United States District Court, S.D. New York
Dec 11, 1989
726 F. Supp. 940 (S.D.N.Y. 1989)


describing "[t]he final settling of the accounts at the end of the day" as "mere bookkeeping" that was "not material" to whether Banque Worms had been on notice at the time of payment that Security Pacific had sent the wire transfer by mistake

Summary of this case from In re Citibank Aug. 11, 2020 Wire Transfers


No. 89 Civ. 3067 (RPP).

December 11, 1989.

J. Portis Hicks and Gregg J. Borri, Boulanger Finley Hicks, New York City, for plaintiff Banque Worms.

Sarah L. Reid, Kelley Drye Warren, New York City, for third-party defendant Sec. Pacific Intern. Bank.

Steven T. Atkins, Kramer Levin Nessen Kamin Frankel, New York City, for defendant and third-party plaintiff Bank America Intern.


This is a motion and a cross-motion for summary judgment pursuant to Federal Rule of Civil Procedure 56. At stake is $1,974,267.97, currently in the possession of plaintiff Banque Worms (BW), a bank organized and existing under the laws of the Republic of France.

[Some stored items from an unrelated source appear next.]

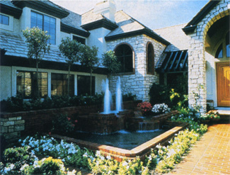 Fountains, swimming pool and spa were integrated early on in the design scheme. At the front entry, a tiered fountain with water cascading over brick weirs was designed to infuse immediate drama and a sense of elegance to welcome visitors. Travertine marble was used in the front entry and continues through the home to the rear, terminating at the pool deck. There, the swimming pool becomes visual and physical focal point of the rear yard.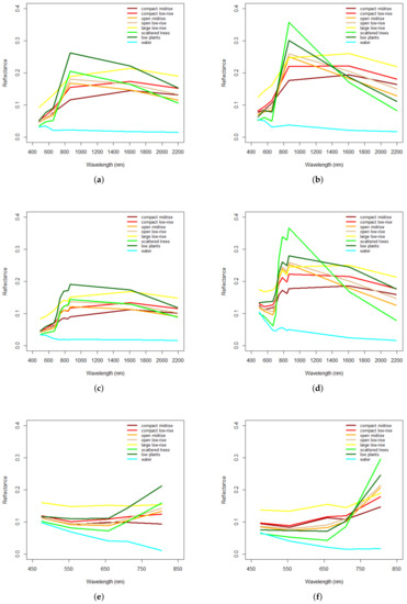 Spectral signatures of the 8 different LCZ classes: (a) Landsat 8, non-vegetative period; (b) Landsat 8, vegetative period; (c) Sentinel-2, non-vegetative period; (d) Sentinel-2, vegetative period; (e) RapidEye, non-vegetative period, (f) RapidEye, vegetative period.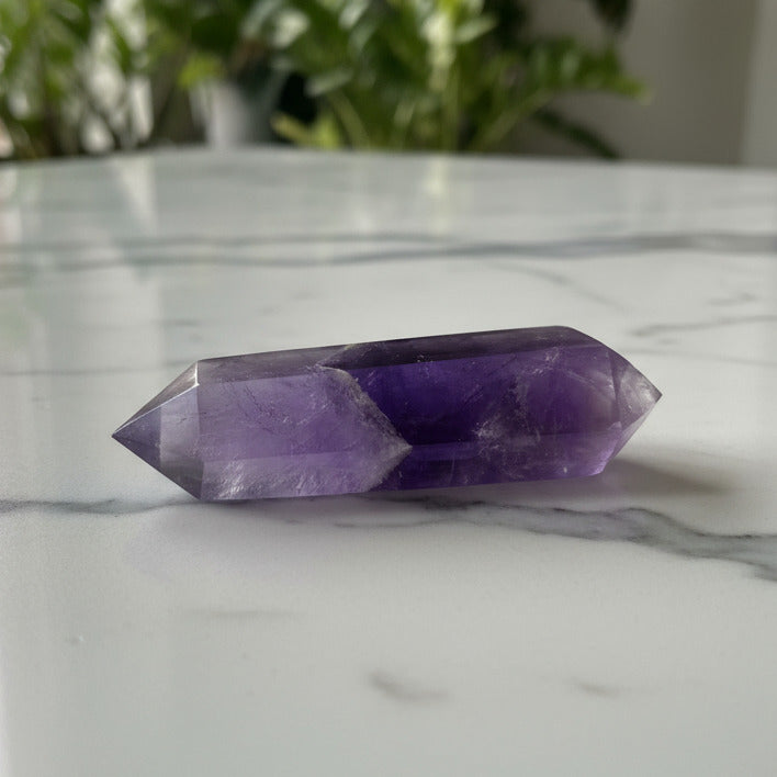 This Double Terminated Phantom Amethyst Scepter Wand #24 features natural phantom formations within vibrant amethyst, symbolizing growth and transformation. Its double-terminated points allow energy to flow freely in both directions, making it ideal for meditation, healing, and spiritual work. This wand supports clarity and calm, helping you connect deeply with your inner self and enhance your energy balance. Perfect for those seeking gentle guidance and emotional support on their journey.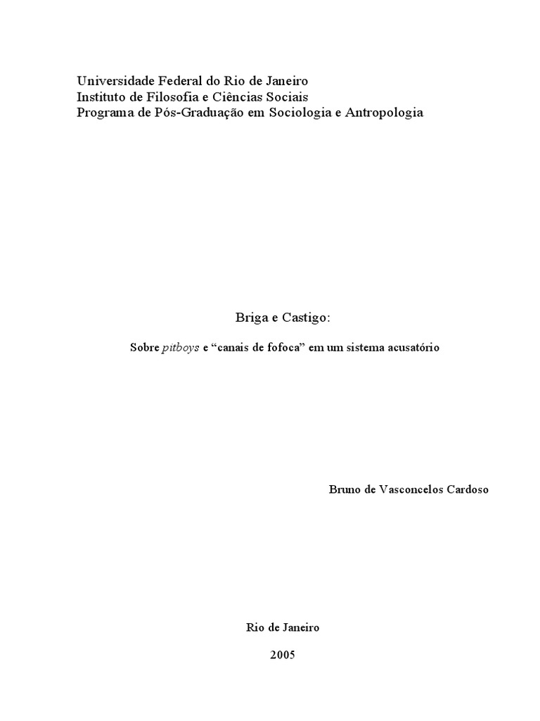 Esta dissertao analisa o que se convencionou chamar de ataques de pitboys, ou seja, manifestaes de violncia por parte de jovens de classe mdia (entre 18 e 24 anos, todos do sexo masculino) em situaes classificadas como de lazer. Para isso so realizados trs estudos de caso, buscando, por meio de um drama social, melhor apreender quais valores so exaltados e quais so censurados por aqueles que se pronunciam sobre o assunto, atravs dos dirios O Globo e Jornal do Brasil (que seriam representativos de um estrato mdio superior carioca). A metodologia do trabalho consiste em uma anlise minuciosa do material jornalstico sobre os casos, sendo esses dois jornais tratados como importantes e vultuosos canais de fofoca em um contexto de sociedades complexas, se revelando muito til para captar os discursos das trs partes envolvidas no processo de rotulao (etapa avanada do ato desviante): os acusados, os acusadores e os defensores. Depreende-se ento que a exigncia generalizada de que os pitboys fossem imediatamente punidos faz com que ocorra, nos trs casos, uma mudana de tipificao criminal na qual os jovens so enquadrados. Tal mudana ocorre sempre em direo a um delito que proporcione a deteno imediata dos acusados, no tendo importncia se ocorre de modo arbitrrio ou no. A aparente contradio entre a condenao de um comportamento que no segue o princpio individualista da mediao estatal na resoluo de conflitos, e a aprovao da adoo de medidas punitivas excessivamente rigorosas, com o fim no de cumprir a lei, mas de servir como exemplo da intolerncia contra esse tipo de delito, no se faz sentir em momento nenhum no debate popular. Isto revela como se d de maneira fluida e contnua o trnsito entre diferentes cdigos culturais, permanentemente combinados, confrontados e reconstrudos, desenvolvendo um modus operandi caracterstico do brasileiro urbano.

In the early morning hours of April 10, 1989, third party defendant Security Pacific International Bank (SPIB), a federally chartered bank with offices in New York, received two telexes from Spedley Securities Ltd. (Spedley), an Australian company. At 12:36 A.M., the first telex instructed SPIB to wire transfer $1,974,267.97 to BW through Bank America International (BAI), a federally chartered bank with offices in New York. BW had outstanding a loan to Spedley which it had called. The amount of the wire transfer would have satisfied Spedley's indebtedness to BW. The second telex at 3:37 A.M. instructed SPIB to disregard the first telex and to wire transfer the $1,974,267.97 to National Westminster Bank Australia (NWBA).

The time in New York is used throughout this opinion.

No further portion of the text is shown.